Bump for Buddy. Unfortunately his foster home are not able to keep him after next week so he may need to come back into kennels.


----------



## bigdaddy (Feb 5, 2011)

he is STUNNING to far to travel


----------



## Jackie99 (Mar 5, 2010)

Really hope he finds a very deserving home


----------



## EmCHammer (Dec 28, 2009)

He seems to be enjoying the sunshine too!


----------



## EmCHammer (Dec 28, 2009)

Unfortunately Buddy's foster family are moving and cannot take him with them so he is unfortunately having to come into Kennels; poor chap will be wondering whats going on.

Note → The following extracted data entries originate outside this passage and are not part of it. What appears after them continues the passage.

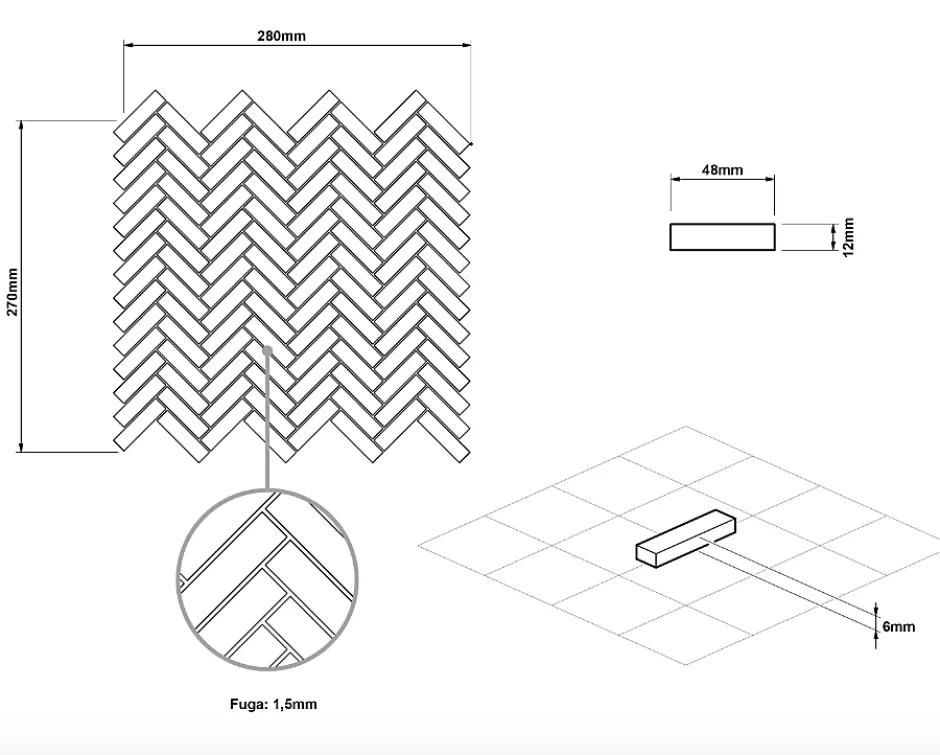 En céramique. Idéal pour l’installation murale dans des environnements intérieurs, mais aussi excellent pour créer des bandes et / ou des inserts décoratifs car il est facile à couper. Il s’adapte à toutes les surfaces, droites et ondulées, également idéal pour les sols. La finition de surface permet un nettoyage facile – L’épaisseur de 6 mm est particulièrement adaptée à la pose en combinaison avec la plupart des carreaux. Taille de la plaque: cm 28 cm x 27 cm; Taille de carreau rectangulaire: 4,8 cm x 1,2 cm; Plaques de quantité pour 1 m² : 11 ; Certification: ISO 9001: 2015. 1. Résistant aux températures élevées et aux rayures; 2. Idéal comme couverture de baignoire ou intérieur de cabine de douche; 3. Facile à couper à la taille grâce au treillis écoplastique.
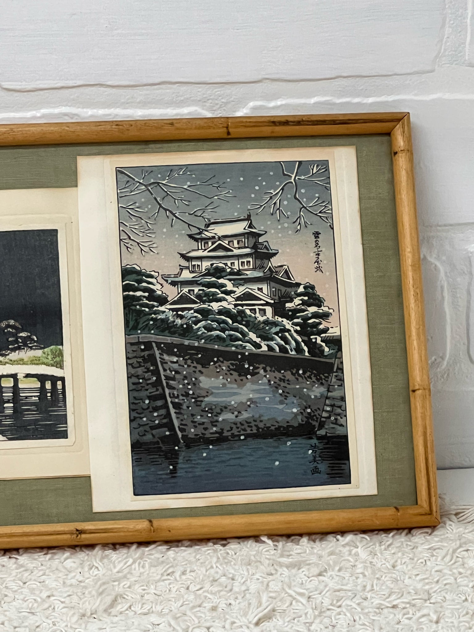 A series of 3 Japanese wood block print postcards backed with green silk. They depict snowy winter scenes. Wooden frame carved to look like bamboo. measures just shy of 17" long, 7" wide.
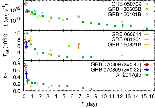 图2. 已知红移暴及GRB 070809中的千新星(候选体)的性质对比。L代表光度,Tint和t’分别代表红移修正后的温度与时间,βΓ代表的是辐射区的速度(以光速为单位)。从图可见,早期千新星的辐射区的温度及速度可能有较宽的分布范围。

He would make a wonderful family pet, he is steady and gentle and good with children and potentially cats.


----------



## EmCHammer (Dec 28, 2009)

Buddy is shortly moving into the care of a rescue in Hull ..

At rochdale dog rescue our main work is finding rescue spaces for pound dogs facing being put to sleep and we are not principally a rehoming rescue, although we do look for homes for the longer termers etc, esp when we have been able to assess, neuter, chip etc - but we don't have our own kennels for people to visit.

Hopefully when Buddy is at a rehoming centre with lots of visitors someone will quickly fall for him - he is a lovely steady chap


----------